Re: Statistics and Multi-Column indexes

Samuel Gendler <sgendler@xxxxxxxxxxxxxxxx> · Sun, 10 Jul 2011 14:31:25 -0700

On Sun, Jul 10, 2011 at 2:16 PM, lars <lhofhansl@xxxxxxxxx> wrote:

I know this has been discussed various times...

We are maintaining a large multi tenant database where *all* tables have a tenant-id and all indexes and PKs lead with the tenant-id.

Statistics and counts for the all other columns are only really meaningful within the context of the tenant they belong to.

There appear to be five options for me:

1. Using single column indexes on all interesting columns and rely on PostgreSQLs bitmap indexes to combine them (which are pretty cool).

2. Use multi column indexes and accept that sometimes Postgres pick the wrong index (because a non-tenant-id

column might seem highly selective over the table, but it is not for a particular tenant - or vice versa).

3. Use a functional index that combines multiple columns and only query via these, that causes statistics

gathering for the _expression_.

I.e. create index i on t((tenantid||column1)) and SELECT ... FROM t WHERE tenantid||column1 = '...'

4. Play with n_distinct and/or set the statistics for the inner columns to some fixed values that lead to the plans that we want.

5. Have a completely different schema and maybe a database per tenant.

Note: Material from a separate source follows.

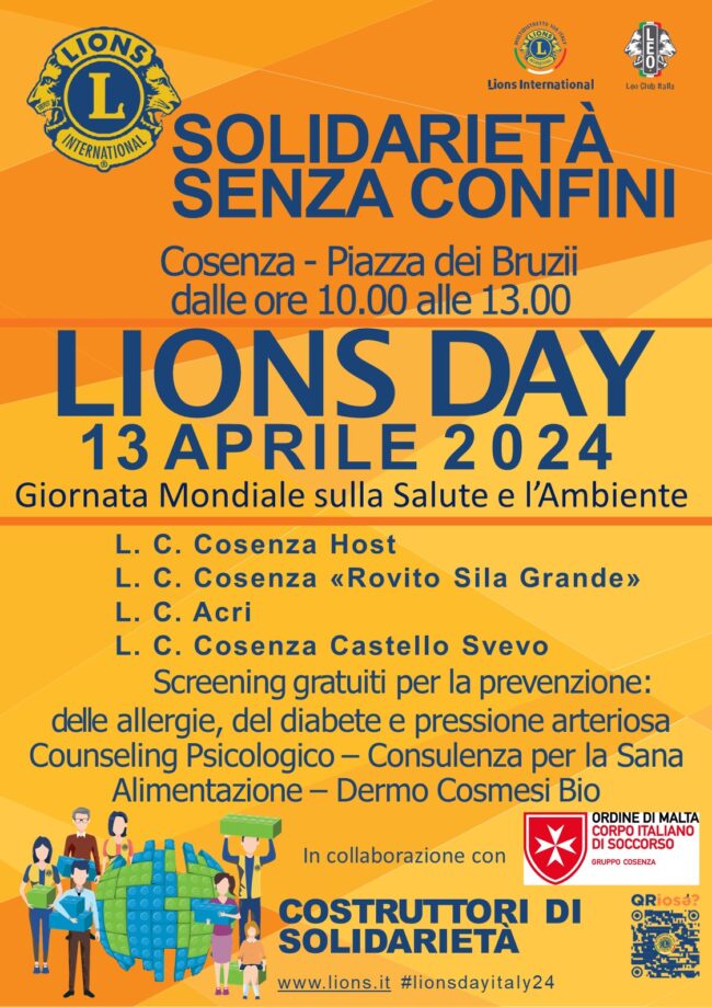 E’ prevista per il prossimo 13 aprile dalle ore 10:00 presso la Piazza dei Bruzi in Cosenza la giornata del LIONS DAY. Il nostro club insieme agli club di Cosenza…

What about partitioning tables by tenant id and then maintaining indexes on each partition independent of tenant id, since constraint exclusion should handle filtering by tenant id for you.  That seems like a potentially more tolerable variant of #5 How many tenants are we talking about?  I gather partitioning starts to become problematic when the number of partitions gets large.